This sounds bizarre, and it really is, startlingly so for 1895. The writing is simply dazzling. Chambers was an art student in Paris and has a tremendous gift for description. My favourite line comes from a story at the other end of the collection, but is typical of the whole book: "when again he raised his eyes, the vast Boulevard was twinkling with gas-jets through which the electric lights stared like moons." This comes from a second cluster of loosely linked stories featuring several re-occurring art students. These are not horror stories or even weird fiction, but they are very good. My second favourite, "The Street of the First Shell' is also set in the Latin Quarter but a generation earlier, in 1870, when Paris was besieged by the Prussians. This prefigures the historical fiction with which Chambers made his fortune.
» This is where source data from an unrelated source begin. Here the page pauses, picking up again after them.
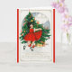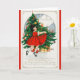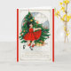 Vintage-julkort med en söt liten flicka framför Julgran.
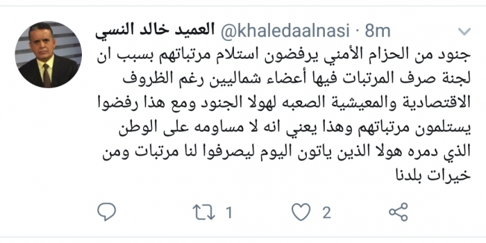 وكتب النسي، في تغريدة له عبر موقع التواصل الاجتماعي تويتر، تابعها المشهد العربي: "جنود من الحزام الأمني يرفضون استلام مرتباتهم بسبب أن لجنة صرف المرتبات فيها أعضاء شماليين رغم الظروف الاقتصادية والمعيشية الصعبة لهؤلاء الجنود ومع هذا رفضوا يستلمون مرتباتهم".
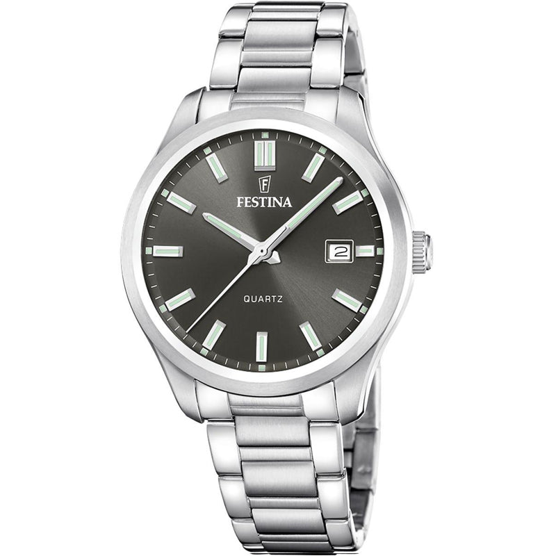 Analog watch with date display, black face dial, luminous silver dial hands and dial numerals, stainless steel band with a push deployment clasp. This watch has a water resistant mark of 5BAR which is suitable for showering with, made by Festina.
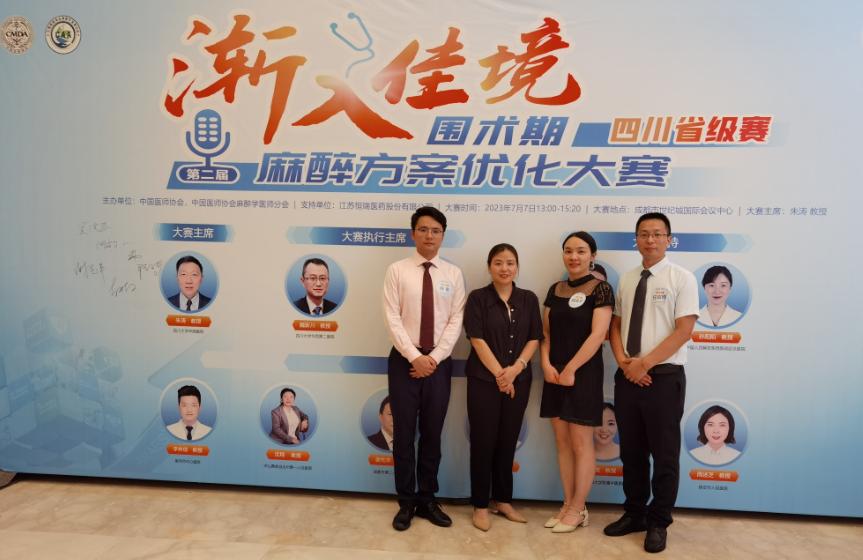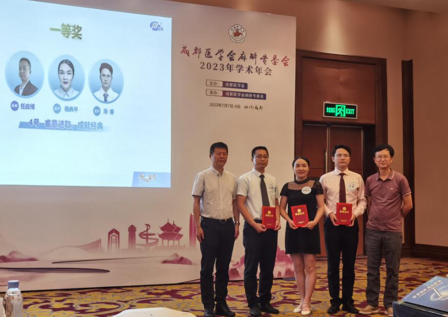 2023年7月7日,中国医师协会及中国医师协会麻醉学分会举办了“第二首届渐入佳境围术期麻醉方案优化大赛演讲比赛(四川省级赛)”。我院任应博指导老师带领麻醉科医生杨典平、乳腺·甲状腺·血管外科医生海睿组队参赛,荣获四川省级赛一等奖,并将代表四川赛区继续参加西部决赛。
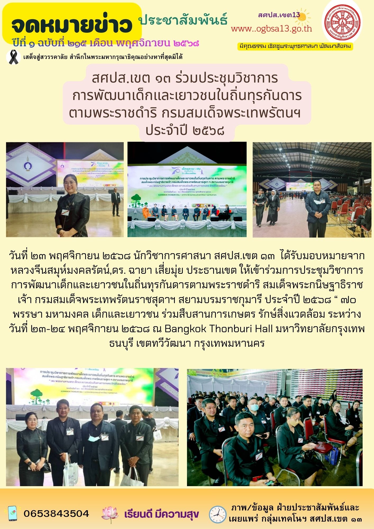 สศปส.เขต ๑๓ ร่วมประชุมวิชาการ การพัฒนาเด็กและเยาวชนในถิ่นทุรกันดารตามพระราชดำริ กรมสมเด็จพระเทพรัตน

The King in Yellow is and always was a curiosity. Apparently Chambers never wrote anything else quite as weird. Its influence was certainly telling; the links with Lovecraft are clear. I recommend it to all students of the genre.
Thursday, 9 May 2019
A Casebook of Murder - Colin Wilson
Colin Wilson's reputation seems to have faded slightly since his death in 2013. In life he always seemed to be putting out a new book or giving his take on some arcane subject in the press or on TV. Once, of course, he was very famous indeed, not only an original angry young man but one whose debut book The Outsider sought to create a new philosophy for the era of angst. Now, though, he is very much out of fashion. His vast works on the occult are passé, whereas back in the Seventies they held pride of place on any reputable bookshelf. The same goes - with knobs on - for his many volumes on murderers, of which this (from 1969) was an early example.
The problem here is not the concept, though Wilson's preoccupation with sex sits less comfortably now than it did back in the day/ It is the fact that hundreds of lesser lights have attempted similar compilations and lowered the tone. They cobble together cheap cash-ins, whereas Wilson is absolutely serious in intent. That may be another problem. He does tend to make declamatory assumptions which are easily refuted. I tend to think he can forgiven the odd gaff, given that he was ploughing such a lone furrow.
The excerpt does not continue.